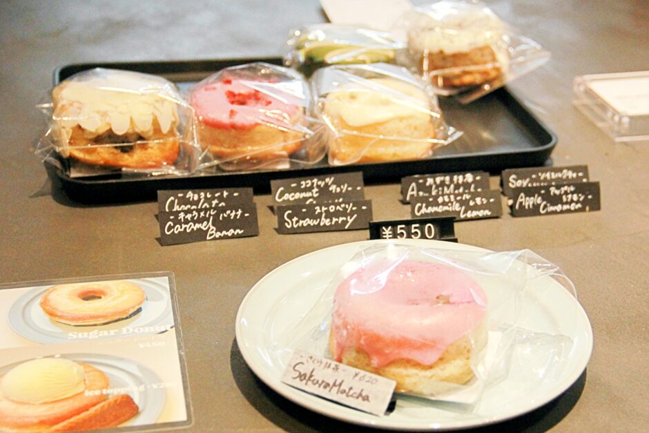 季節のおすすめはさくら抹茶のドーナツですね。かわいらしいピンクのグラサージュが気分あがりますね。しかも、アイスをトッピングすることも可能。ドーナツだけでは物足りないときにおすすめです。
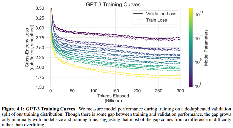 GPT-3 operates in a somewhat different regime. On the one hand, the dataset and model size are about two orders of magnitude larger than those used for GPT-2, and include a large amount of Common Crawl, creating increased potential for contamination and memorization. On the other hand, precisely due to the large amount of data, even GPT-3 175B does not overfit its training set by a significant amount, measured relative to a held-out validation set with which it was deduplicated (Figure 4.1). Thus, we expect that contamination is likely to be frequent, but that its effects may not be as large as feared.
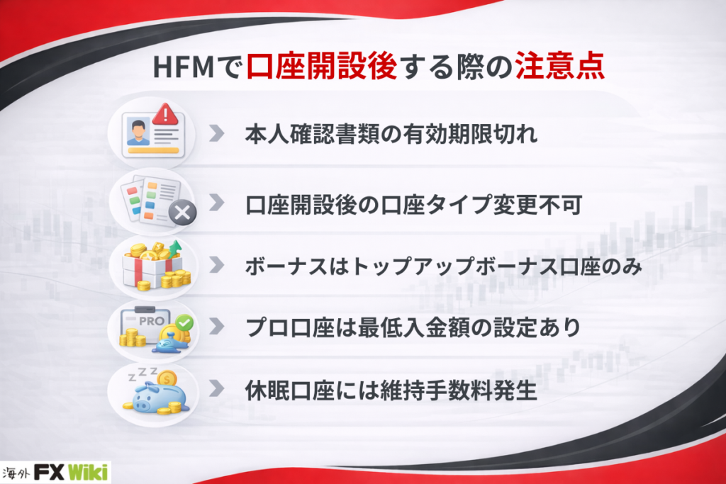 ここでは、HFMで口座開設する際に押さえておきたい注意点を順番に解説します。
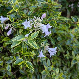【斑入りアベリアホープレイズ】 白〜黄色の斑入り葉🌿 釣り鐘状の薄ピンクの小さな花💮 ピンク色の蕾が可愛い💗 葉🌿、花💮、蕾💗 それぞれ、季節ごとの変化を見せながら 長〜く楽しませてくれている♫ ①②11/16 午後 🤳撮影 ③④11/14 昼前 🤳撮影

● ● ● ●

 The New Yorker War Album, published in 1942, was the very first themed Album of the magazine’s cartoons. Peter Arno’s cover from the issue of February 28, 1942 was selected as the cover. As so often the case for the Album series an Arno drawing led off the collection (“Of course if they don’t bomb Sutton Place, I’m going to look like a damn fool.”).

● ● ● ●

◆ AIM OF THE TASK
Would you set down only the lines above from the line with "ここでは、HFMで口座開設する際に押さえておきたい注意点を順番に解説します。" to the line with "③④11/14 昼前 🤳撮影", both included, exactly as they stand and without the pictures?

◆ EXERCISE OUTPUT
 ここでは、HFMで口座開設する際に押さえておきたい注意点を順番に解説します。
【斑入りアベリアホープレイズ】 白〜黄色の斑入り葉🌿 釣り鐘状の薄ピンクの小さな花💮 ピンク色の蕾が可愛い💗 葉🌿、花💮、蕾💗 それぞれ、季節ごとの変化を見せながら 長〜く楽しませてくれている♫ ①②11/16 午後 🤳撮影 ③④11/14 昼前 🤳撮影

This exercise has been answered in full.